[Collection entries]
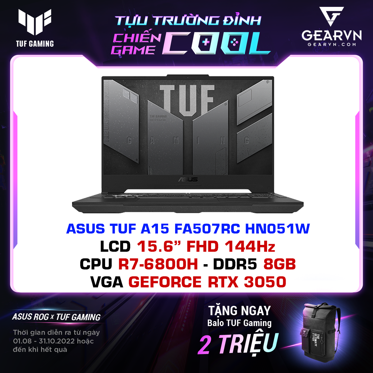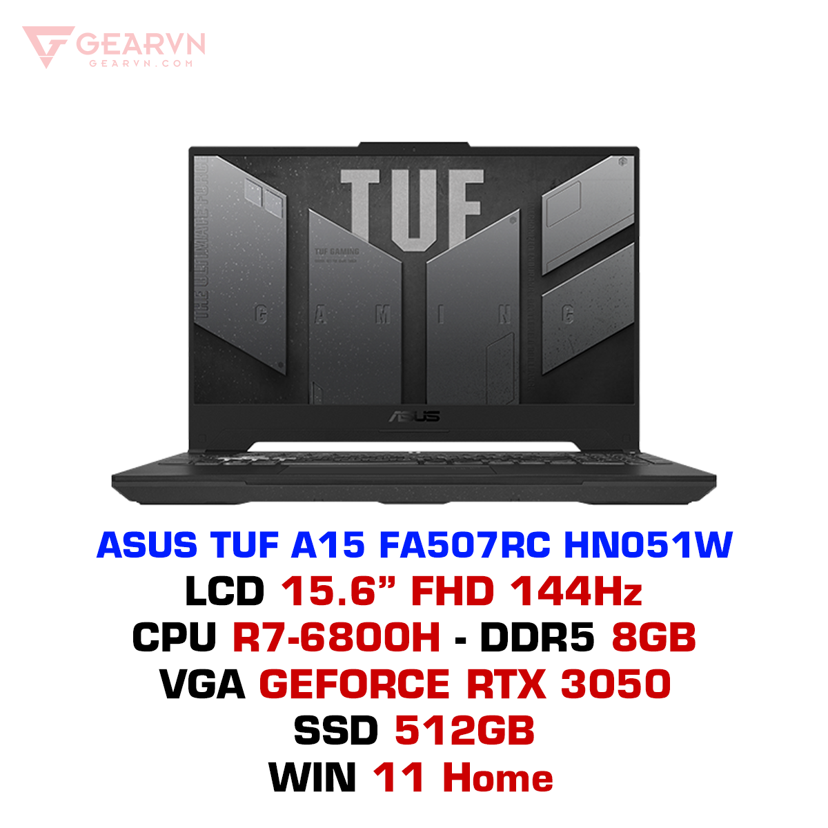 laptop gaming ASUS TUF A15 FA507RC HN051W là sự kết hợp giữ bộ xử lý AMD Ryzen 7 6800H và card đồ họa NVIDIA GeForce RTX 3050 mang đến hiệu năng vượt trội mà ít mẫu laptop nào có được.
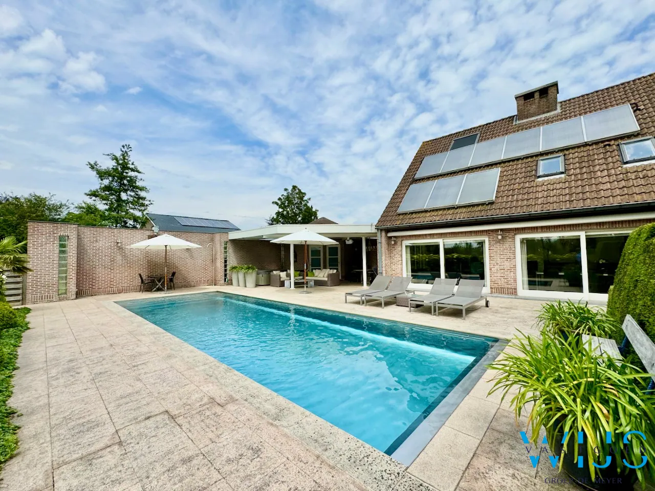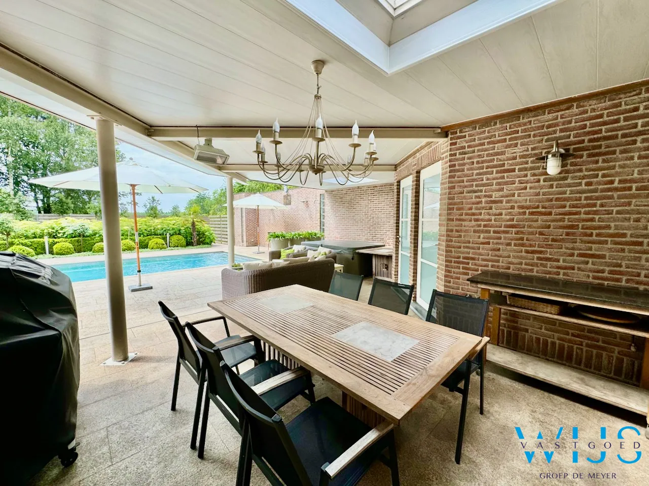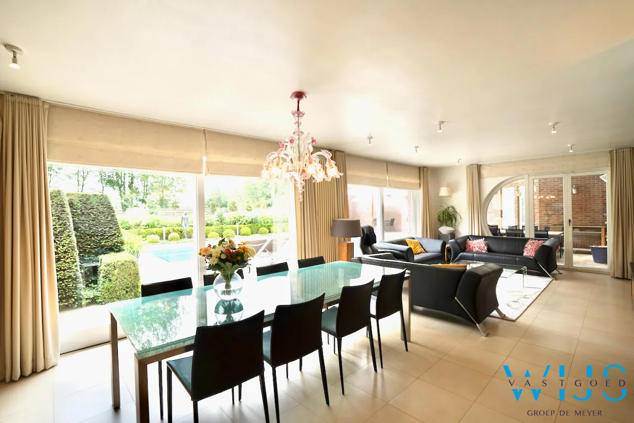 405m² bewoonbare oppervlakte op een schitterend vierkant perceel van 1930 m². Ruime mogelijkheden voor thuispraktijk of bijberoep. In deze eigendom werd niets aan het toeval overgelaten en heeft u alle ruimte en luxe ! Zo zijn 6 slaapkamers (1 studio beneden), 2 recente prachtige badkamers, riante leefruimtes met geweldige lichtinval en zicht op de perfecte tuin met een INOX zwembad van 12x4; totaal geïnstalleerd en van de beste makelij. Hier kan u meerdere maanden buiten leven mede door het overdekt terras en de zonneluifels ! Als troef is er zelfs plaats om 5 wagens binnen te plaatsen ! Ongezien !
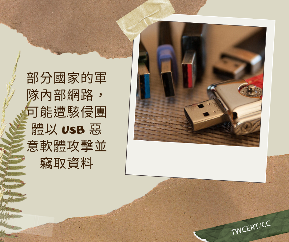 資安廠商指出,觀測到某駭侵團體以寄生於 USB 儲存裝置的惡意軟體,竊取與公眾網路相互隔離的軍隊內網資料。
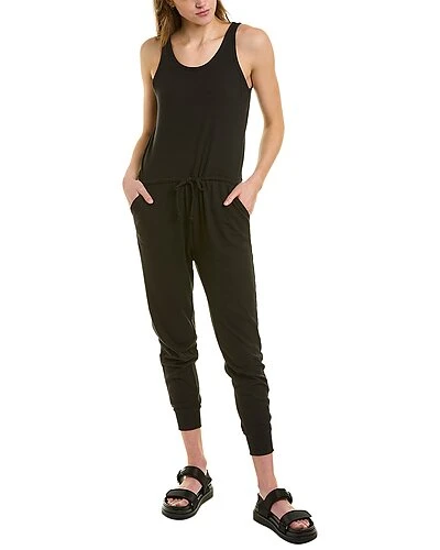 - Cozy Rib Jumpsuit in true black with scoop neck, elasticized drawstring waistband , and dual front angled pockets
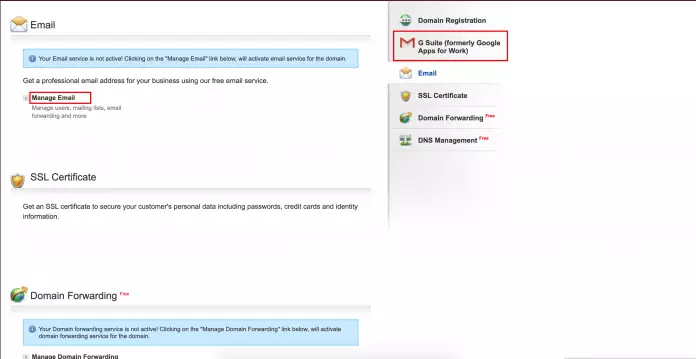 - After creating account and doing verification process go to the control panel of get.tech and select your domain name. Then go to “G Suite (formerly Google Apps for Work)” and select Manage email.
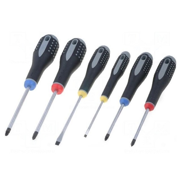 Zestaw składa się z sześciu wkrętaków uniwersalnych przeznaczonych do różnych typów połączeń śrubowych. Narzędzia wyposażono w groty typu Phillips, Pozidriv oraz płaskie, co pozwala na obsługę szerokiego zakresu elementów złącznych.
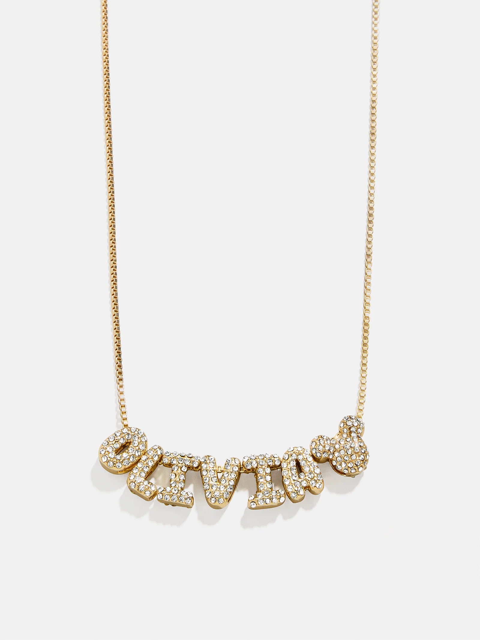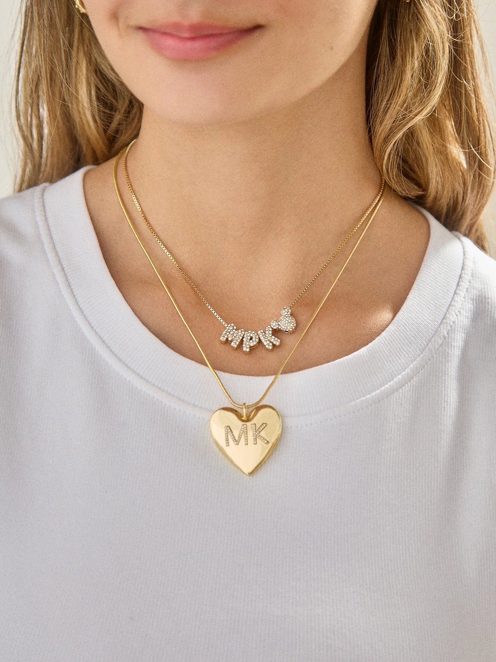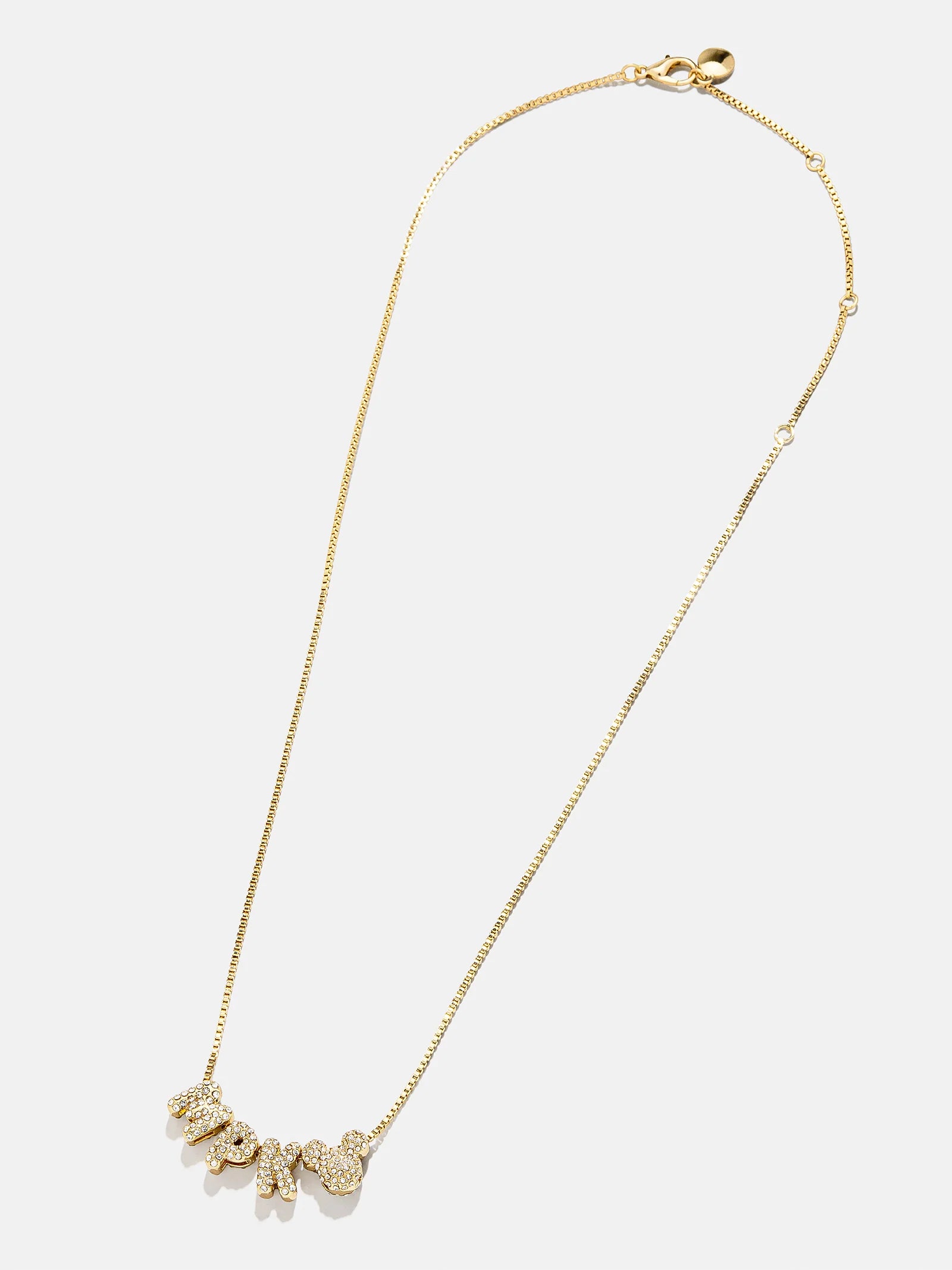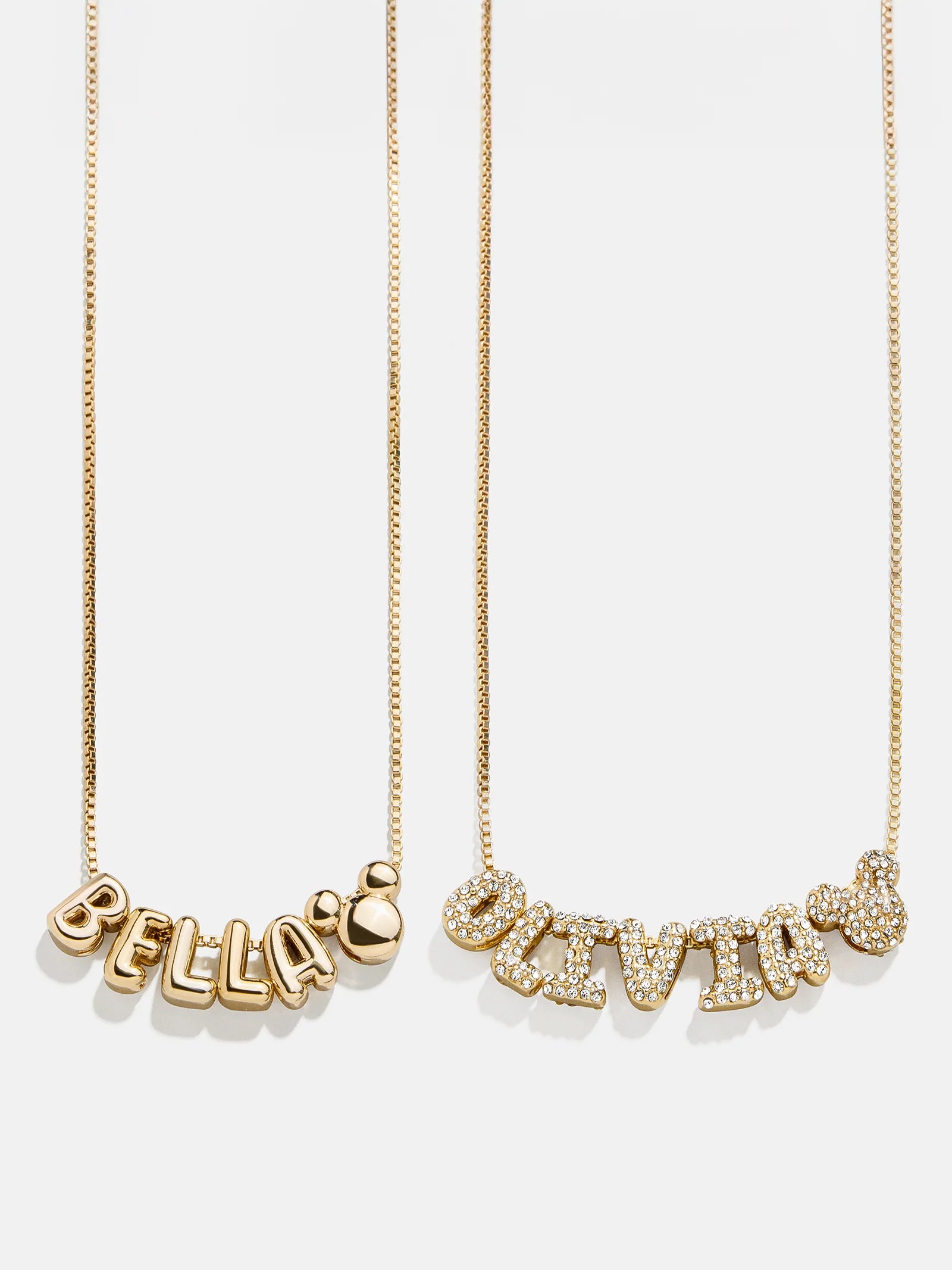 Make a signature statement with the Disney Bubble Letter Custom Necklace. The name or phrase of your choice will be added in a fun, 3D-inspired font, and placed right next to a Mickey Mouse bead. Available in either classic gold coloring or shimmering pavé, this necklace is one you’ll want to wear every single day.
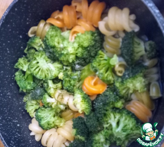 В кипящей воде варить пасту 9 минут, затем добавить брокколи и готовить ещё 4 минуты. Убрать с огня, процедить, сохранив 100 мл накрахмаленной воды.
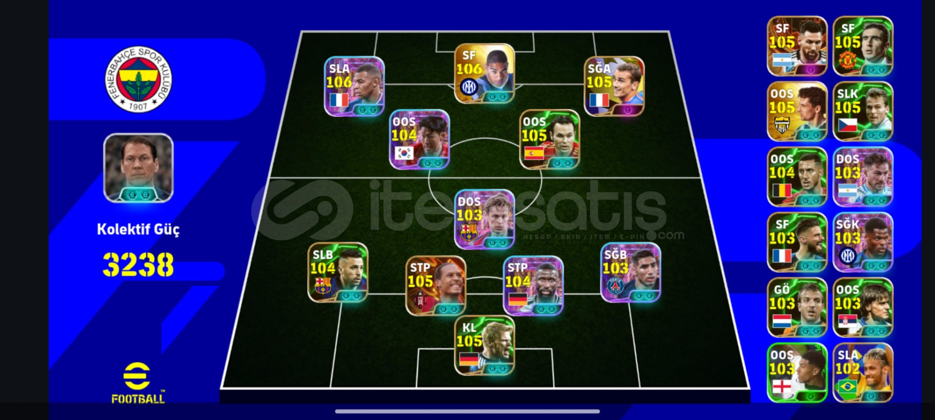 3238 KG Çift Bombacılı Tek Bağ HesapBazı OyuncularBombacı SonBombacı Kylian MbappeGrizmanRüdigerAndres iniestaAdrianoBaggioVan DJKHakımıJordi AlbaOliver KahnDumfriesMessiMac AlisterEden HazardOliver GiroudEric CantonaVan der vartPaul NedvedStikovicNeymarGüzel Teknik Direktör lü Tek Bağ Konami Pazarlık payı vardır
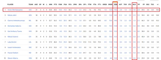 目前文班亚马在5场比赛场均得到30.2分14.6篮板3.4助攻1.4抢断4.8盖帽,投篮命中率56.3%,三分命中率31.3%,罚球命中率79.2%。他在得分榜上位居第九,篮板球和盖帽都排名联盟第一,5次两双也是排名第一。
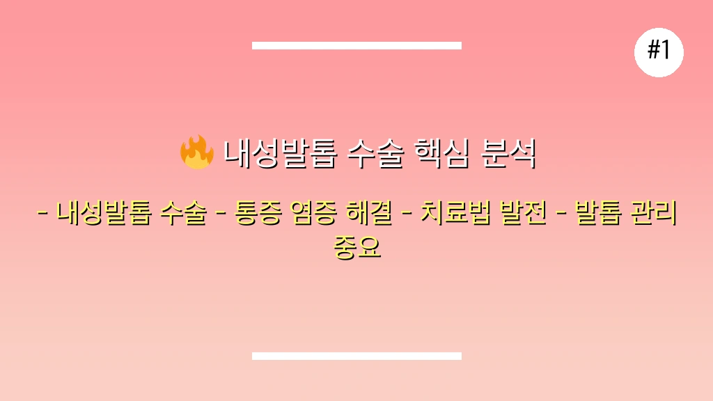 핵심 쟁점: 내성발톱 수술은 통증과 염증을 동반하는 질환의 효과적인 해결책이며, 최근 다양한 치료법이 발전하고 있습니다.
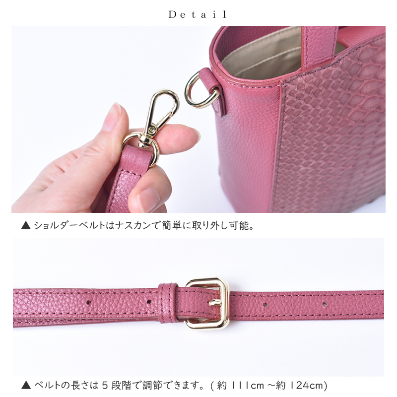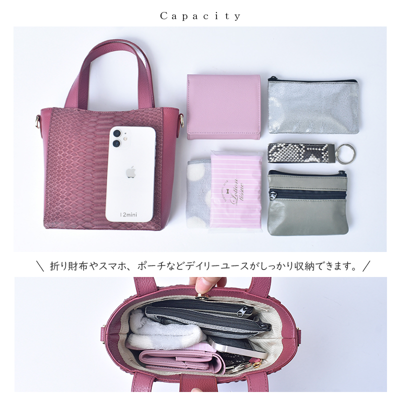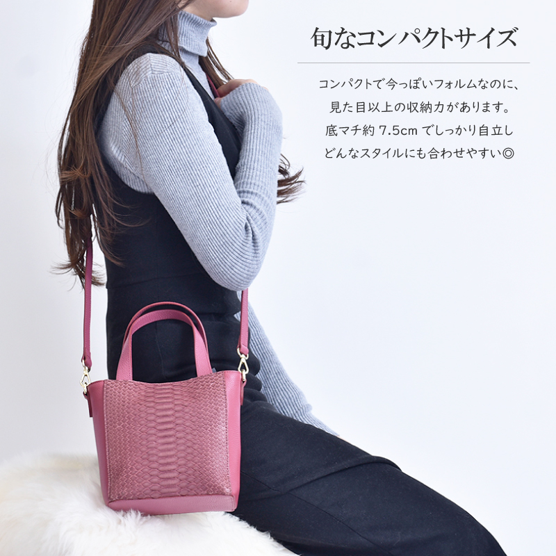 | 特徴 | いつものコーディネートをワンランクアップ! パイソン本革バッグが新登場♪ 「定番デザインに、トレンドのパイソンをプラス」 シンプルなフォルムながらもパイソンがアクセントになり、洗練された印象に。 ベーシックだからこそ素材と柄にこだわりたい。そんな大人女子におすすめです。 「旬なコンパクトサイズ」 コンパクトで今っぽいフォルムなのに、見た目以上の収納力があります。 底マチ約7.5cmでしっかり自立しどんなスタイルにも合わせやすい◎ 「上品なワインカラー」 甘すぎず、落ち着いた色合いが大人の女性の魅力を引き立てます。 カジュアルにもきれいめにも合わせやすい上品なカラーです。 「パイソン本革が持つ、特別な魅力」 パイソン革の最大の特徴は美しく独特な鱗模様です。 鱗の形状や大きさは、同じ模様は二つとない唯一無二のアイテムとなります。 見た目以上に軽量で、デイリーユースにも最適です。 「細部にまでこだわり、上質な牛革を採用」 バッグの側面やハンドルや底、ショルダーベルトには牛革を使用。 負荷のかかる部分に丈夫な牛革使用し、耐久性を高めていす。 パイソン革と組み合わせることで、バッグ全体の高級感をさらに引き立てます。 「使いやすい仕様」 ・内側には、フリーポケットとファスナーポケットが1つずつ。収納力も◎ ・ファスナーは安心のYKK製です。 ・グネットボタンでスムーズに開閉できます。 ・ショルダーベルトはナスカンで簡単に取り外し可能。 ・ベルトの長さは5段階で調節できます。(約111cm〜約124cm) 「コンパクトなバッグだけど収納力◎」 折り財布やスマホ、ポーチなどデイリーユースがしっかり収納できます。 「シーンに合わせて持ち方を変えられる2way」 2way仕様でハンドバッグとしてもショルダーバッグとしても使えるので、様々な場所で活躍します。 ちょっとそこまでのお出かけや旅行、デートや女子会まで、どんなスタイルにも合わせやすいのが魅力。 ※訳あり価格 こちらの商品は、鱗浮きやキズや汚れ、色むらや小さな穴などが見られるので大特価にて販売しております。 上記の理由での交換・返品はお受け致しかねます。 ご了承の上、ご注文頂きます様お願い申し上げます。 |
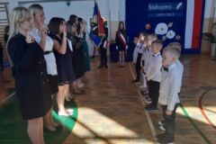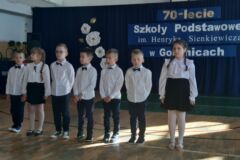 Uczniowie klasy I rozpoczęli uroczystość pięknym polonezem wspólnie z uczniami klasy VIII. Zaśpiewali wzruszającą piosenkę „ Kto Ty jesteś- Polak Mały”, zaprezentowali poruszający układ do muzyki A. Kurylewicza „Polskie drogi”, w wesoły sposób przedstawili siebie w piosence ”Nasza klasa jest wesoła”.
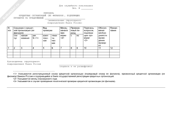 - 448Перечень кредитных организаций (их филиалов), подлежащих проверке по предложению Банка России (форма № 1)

THE TASK - Write out the data above precisely. Pictures stay out.

TASK OUTPUT -
 laptop gaming ASUS TUF A15 FA507RC HN051W là sự kết hợp giữ bộ xử lý AMD Ryzen 7 6800H và card đồ họa NVIDIA GeForce RTX 3050 mang đến hiệu năng vượt trội mà ít mẫu laptop nào có được.
 405m² bewoonbare oppervlakte op een schitterend vierkant perceel van 1930 m². Ruime mogelijkheden voor thuispraktijk of bijberoep. In deze eigendom werd niets aan het toeval overgelaten en heeft u alle ruimte en luxe ! Zo zijn 6 slaapkamers (1 studio beneden), 2 recente prachtige badkamers, riante leefruimtes met geweldige lichtinval en zicht op de perfecte tuin met een INOX zwembad van 12x4; totaal geïnstalleerd en van de beste makelij. Hier kan u meerdere maanden buiten leven mede door het overdekt terras en de zonneluifels ! Als troef is er zelfs plaats om 5 wagens binnen te plaatsen ! Ongezien !
 資安廠商指出,觀測到某駭侵團體以寄生於 USB 儲存裝置的惡意軟體,竊取與公眾網路相互隔離的軍隊內網資料。
 - Cozy Rib Jumpsuit in true black with scoop neck, elasticized drawstring waistband , and dual front angled pockets
 - After creating account and doing verification process go to the control panel of get.tech and select your domain name. Then go to “G Suite (formerly Google Apps for Work)” and select Manage email.
 Zestaw składa się z sześciu wkrętaków uniwersalnych przeznaczonych do różnych typów połączeń śrubowych. Narzędzia wyposażono w groty typu Phillips, Pozidriv oraz płaskie, co pozwala na obsługę szerokiego zakresu elementów złącznych.
 Make a signature statement with the Disney Bubble Letter Custom Necklace. The name or phrase of your choice will be added in a fun, 3D-inspired font, and placed right next to a Mickey Mouse bead. Available in either classic gold coloring or shimmering pavé, this necklace is one you’ll want to wear every single day.
 В кипящей воде варить пасту 9 минут, затем добавить брокколи и готовить ещё 4 минуты. Убрать с огня, процедить, сохранив 100 мл накрахмаленной воды.
 3238 KG Çift Bombacılı Tek Bağ HesapBazı OyuncularBombacı SonBombacı Kylian MbappeGrizmanRüdigerAndres iniestaAdrianoBaggioVan DJKHakımıJordi AlbaOliver KahnDumfriesMessiMac AlisterEden HazardOliver GiroudEric CantonaVan der vartPaul NedvedStikovicNeymarGüzel Teknik Direktör lü Tek Bağ Konami Pazarlık payı vardır
 目前文班亚马在5场比赛场均得到30.2分14.6篮板3.4助攻1.4抢断4.8盖帽,投篮命中率56.3%,三分命中率31.3%,罚球命中率79.2%。他在得分榜上位居第九,篮板球和盖帽都排名联盟第一,5次两双也是排名第一。
 핵심 쟁점: 내성발톱 수술은 통증과 염증을 동반하는 질환의 효과적인 해결책이며, 최근 다양한 치료법이 발전하고 있습니다.
 | 特徴 | いつものコーディネートをワンランクアップ! パイソン本革バッグが新登場♪ 「定番デザインに、トレンドのパイソンをプラス」 シンプルなフォルムながらもパイソンがアクセントになり、洗練された印象に。 ベーシックだからこそ素材と柄にこだわりたい。そんな大人女子におすすめです。 「旬なコンパクトサイズ」 コンパクトで今っぽいフォルムなのに、見た目以上の収納力があります。 底マチ約7.5cmでしっかり自立しどんなスタイルにも合わせやすい◎ 「上品なワインカラー」 甘すぎず、落ち着いた色合いが大人の女性の魅力を引き立てます。 カジュアルにもきれいめにも合わせやすい上品なカラーです。 「パイソン本革が持つ、特別な魅力」 パイソン革の最大の特徴は美しく独特な鱗模様です。 鱗の形状や大きさは、同じ模様は二つとない唯一無二のアイテムとなります。 見た目以上に軽量で、デイリーユースにも最適です。 「細部にまでこだわり、上質な牛革を採用」 バッグの側面やハンドルや底、ショルダーベルトには牛革を使用。 負荷のかかる部分に丈夫な牛革使用し、耐久性を高めていす。 パイソン革と組み合わせることで、バッグ全体の高級感をさらに引き立てます。 「使いやすい仕様」 ・内側には、フリーポケットとファスナーポケットが1つずつ。収納力も◎ ・ファスナーは安心のYKK製です。 ・グネットボタンでスムーズに開閉できます。 ・ショルダーベルトはナスカンで簡単に取り外し可能。 ・ベルトの長さは5段階で調節できます。(約111cm〜約124cm) 「コンパクトなバッグだけど収納力◎」 折り財布やスマホ、ポーチなどデイリーユースがしっかり収納できます。 「シーンに合わせて持ち方を変えられる2way」 2way仕様でハンドバッグとしてもショルダーバッグとしても使えるので、様々な場所で活躍します。 ちょっとそこまでのお出かけや旅行、デートや女子会まで、どんなスタイルにも合わせやすいのが魅力。 ※訳あり価格 こちらの商品は、鱗浮きやキズや汚れ、色むらや小さな穴などが見られるので大特価にて販売しております。 上記の理由での交換・返品はお受け致しかねます。 ご了承の上、ご注文頂きます様お願い申し上げます。 |
 Uczniowie klasy I rozpoczęli uroczystość pięknym polonezem wspólnie z uczniami klasy VIII. Zaśpiewali wzruszającą piosenkę „ Kto Ty jesteś- Polak Mały”, zaprezentowali poruszający układ do muzyki A. Kurylewicza „Polskie drogi”, w wesoły sposób przedstawili siebie w piosence ”Nasza klasa jest wesoła”.
 - 448Перечень кредитных организаций (их филиалов), подлежащих проверке по предложению Банка России (форма № 1)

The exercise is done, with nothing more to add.